Who is faster (detailed description) for python multi-process and multi-thread? Who is more
Python3.6
Threading and multiprocessing
Quad-core + Samsung 250G-850-SSD
Since multi-process and multi-thread programming, I have never understood who is faster. Many people on the Internet say that python multi-process is faster, because GIL (Global interpreter lock ). But when I write code, the test time is faster than multithreading, so what is the problem? The word splitting work has been done recently. The original code is too slow to speed up, so I want to explore effective methods (there are code and at the end of this Article)
Here is a program result diagram to show who is faster in the thread and process.
Some definitions
Parallelism means that two or more events occur at the same time.

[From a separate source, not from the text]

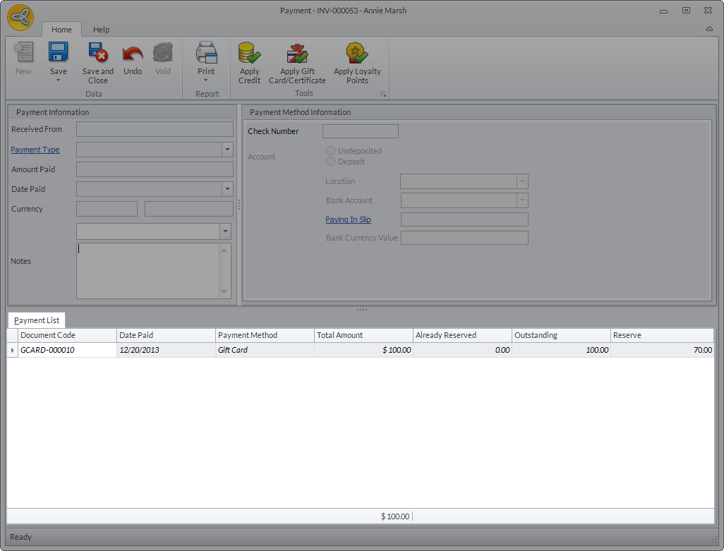 - In the Payment List section of the Payment form, the details of the payment transaction will be displayed. The total amount to be applied to the invoice is indicated in the Reserve column.

Concurrency refers to the occurrence of two or more events at the same time interval.
A thread is the smallest unit that the operating system can schedule operations. It is included in the process and is the actual operating unit of the process. The execution instance of a program is a process.
Implementation Process
The multiple threads in python obviously need to get GIL, execute code, and finally release GIL. Therefore, GIL cannot be obtained when multithreading occurs. In fact, it is a concurrent implementation, that is, multiple events occur at the same time interval.

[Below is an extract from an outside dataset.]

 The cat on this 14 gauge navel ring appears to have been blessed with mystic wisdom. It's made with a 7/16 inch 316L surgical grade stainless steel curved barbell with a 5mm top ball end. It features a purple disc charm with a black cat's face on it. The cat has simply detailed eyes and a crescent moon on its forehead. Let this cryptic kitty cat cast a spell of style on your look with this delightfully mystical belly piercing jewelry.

But the process has independent GIL, so it can be implemented in parallel. Therefore, for multi-core CPUs, multi-process is used theoretically to make better use of resources.
Practical problems
Python multithreading is often seen in online tutorials. For example, Web Crawler tutorial and Port Scan tutorial.
Taking port scanning as an example, you can use multi-process to implement the following script, and you will find that python multi-process is faster. Isn't it the opposite of our analysis?

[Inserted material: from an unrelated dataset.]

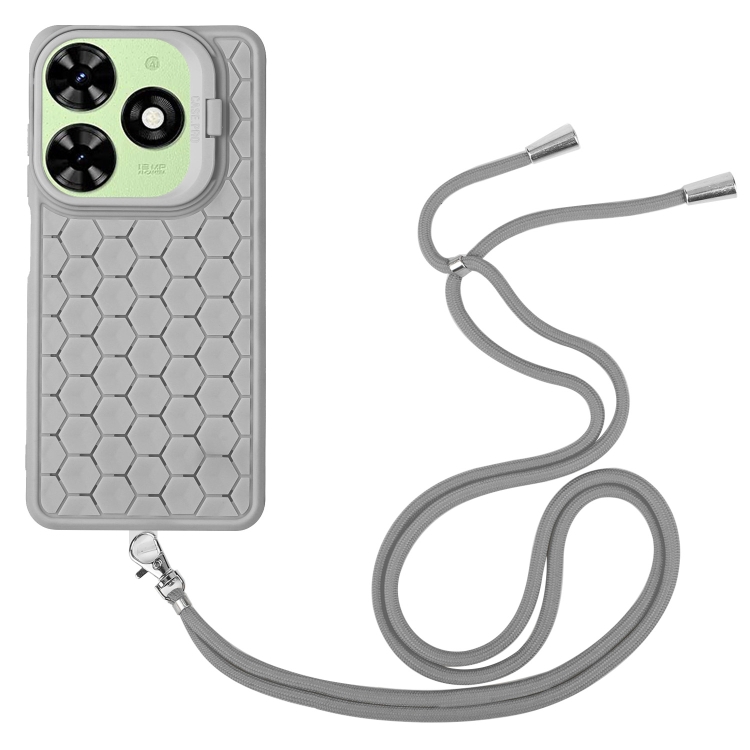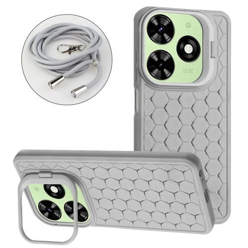 Funda para Tecno Spark 20 Honeycomb Radiating Holder TPU con Cordón (Gris)

import sys,threadingfrom socket import *host = "127.0.0.1" if len(sys.argv)==1 else sys.argv[1]portList = [i for i in range(1,1000)]scanList = []lock = threading.Lock()print('Please waiting... From ',host)def scanPort(port): try: tcp = socket(AF_INET,SOCK_STREAM) tcp.connect((host,port)) except: pass else: if lock.acquire(): print('[+]port',port,'open') lock.release() finally: tcp.close()for p in portList: t = threading.Thread(target=scanPort,args=(p,)) scanList.append(t)for i in range(len(portList)): scanList[i].start()for i in range(len(portList)): scanList[i].join()
Who is faster?
Because of the python lock issue, the thread will consume resources to compete for the lock and switch the thread. So let's make a bold guess:
In CPU-intensive tasks, multiple processes are faster or have better results. IO-intensive and multi-thread can effectively improve efficiency.
Let's take a look at the following code:
Import timeimport threadingimport multiprocessingmax_process = 4max_thread = max_processdef fun (n, n2): # cpu-intensive for I in range (0, n): for j in range (0, (int) (n * n2): t = I * jdef thread_main (n2): thread_list = [] for I in range (0, max_thread): t = threading. thread (target = fun, args = (50, n2) thread_list.append (t) start = time. time () print ('[+] much thread start') for I in thread_list: I. start () for I in thread_list: I. join () print ('[-] much thread use', time. time ()-start,'s ') def process_main (n2): p = multiprocessing. pool (max_process) for I in range (0, max_process): p. apply_async (func = fun, args = (50, n2) start = time. time () print ('[+] much process start') p. close () # close the process pool p. join () # Wait for all sub-processes to finish print ('[-] much process use', time. time ()-start,'s ') if _ name __= =' _ main _ ': print ("[++] When n = 50, n2 = 0.1: ") thread_main (0.1) process_main (0.1) print (" [++] When n = 50, n2 = 1: ") thread_main (1) process_main (1) print ("[++] When n = 50, n2 = 10:") thread_main (10) process_main (10)
The result is as follows:
As you can see, when the cpu usage is getting higher and higher (more code loops), the gap is getting bigger and bigger. Verify our conjecture
CPU and IO-intensive
1. CPU-intensive code (various cyclic processing, counting, etc)
2. IO-intensive code (File Processing, web crawler, etc)
Judgment Method:
1. Check the CPU usage and hard disk I/O read/write speed.
2. More computing-> CPU; more time wait (such as Web Crawler)-> IO
3. Baidu
Who is faster (detailed) than the above python multi-process and multi-thread is all the content shared by Alibaba Cloud. I hope to give you a reference and support for the customer's house.